Vulvovaginal candidiasis (VVC) usually is caused by Candida albicans, but its mycology also includes Candida glabrata, Candida parapsilosis, Candida krusei, Candida lusitaniae, Candida tropicalis, and Saccharomyces cerevisiae. Typical symptoms include pruritus, vaginal soreness, dyspareunia, external dysuria, and abnormal vaginal discharge.2 About 20% of patients in the Drexel University program present with VVC, says Nyirjesy.

Vulvar diseases are frequently misdiagnosed as VVC, and in turn, VVC frequently complicates many vulvar problems, says Nyirjesy. Accurate diagnosis with culture corroboration is crucial for women with recurrent infections, he states.

"Most women who come in to see me tell me they have recurrent yeast infections; by the time they get to me, only 25% do," he states. "Of the 25% who do, about a third are due to yeast other than Candida albicans, and then the treatment approach may be very different."

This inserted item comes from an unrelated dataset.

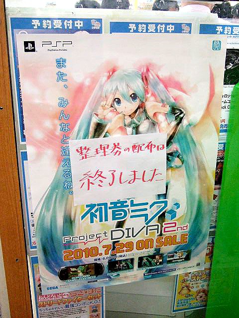 3月9日「ミクの日」に合わせて、WonderGOO大須店の1F店頭では、初音ミク特設コーナーが登場。7月に発売される予定のPSPソフトProjectDIVA2ndの予約も店頭受付開始中でした。

In determining recurrent VVC, look for vaginal/vulvar erythema and/or edema, an adherent white discharge, normal pH, and hyphae or blastospores on wet mount or potassium hydroxide (KOH) prep, Nyirjesy notes. Fungal cultures corroborate microscopic findings, are more sensitive than the microscope to detect the presence of yeast, and allow for speciation. Yeast polymerase chain reaction testing offers no proven clinical equivalence or benefit over culture; it is more costly, and it might miss certain species, says Nyirjesy.

What's your approach?

For women who have routine uncomplicated episodes of vulvovaginal candidiasis, a variety of effective treatment options exists. Recurrent disease remains a challenge, but it often can be managed successfully.3

Recurrent vulvovaginal candidiasis is usually defined as four or more episodes of symptoms. Maintenance fluconazole might be helpful: in a double-blind study, weekly treatment with fluconazole was effective in preventing symptomatic vulvovaginal candidiasis. The proportions of women who remained disease-free at six, nine, and 12 months in the fluconazole group were 90.8%, 73.2%, and 42.9%, as compared with 35.9%, 27.8%, and 21.9%, respectively, in the placebo group.4

The Centers for Disease Control and Prevention's Sexually Transmitted Diseases Treatment Guidelines states that oral fluconazole (i.e., 100-mg, 150-mg, or 200-mg dose) weekly for six months is the first line of treatment as a maintenance regimen for recurrent VVC. If this regimen is not feasible, you can consider topical treatments used intermittently as a maintenance regimen, the guidance notes.2

What if the problem is due to non-albicans Candida infection? The optimal treatment of non-albicans VVC remains unknown, says the CDC. Options include longer duration of therapy (7-14 days) with a nonfluconazole azole drug (oral or topical) as first-line therapy. If recurrence occurs, 600 mg of boric acid in a gelatin capsule is recommended, administered vaginally once daily for two weeks.2 This regimen has clinical and mycologic eradication rates of approximately 70%.5

Make sure it's yeast

Never take it on faith that it's a yeast infection. It often isn't, says Nyirjesy.

"In symptomatic women, culture for yeast and culture often," he suggests.

"If yeast is there, you won't know it's causing symptoms until you get rid of it."

If cultures point to Candida albicans, consider maintenance fluconazole, Nyirjesy suggests. If it is some other yeast species and an azole treatment doesn't work, try boric acid first, he says.

References

  1. Nyirjesy P. The perplexing problem of persistent vaginitis. Presented at the Contraceptive Technology Quest for Excellence conference. Atlanta; November 2011.
  2. Centers for Disease Control and Prevention. Sexually transmitted diseases treatment guidelines, 2010. MMWR 2010;59(No. RR-12):61-63.
  3. Nyirjesy P. Vulvovaginal candidiasis and bacterial vaginosis. Infect Dis Clin North Am 2008; 22:637-52, vi.
  4. Sobel JD, Wiesenfeld HC, Martens M, et al. Maintenance fluconazole therapy for recurrent vulvovaginal candidiasis. NEJM 2004; 351:876-883.
  5. Sobel JD, Chaim W, Nagappan V, et al. Treatment of vaginitis caused by Candida glabrata: use of topical boric acid and flucytosine. Am J Obstet Gynecol 2003; 189:1,297-1,300.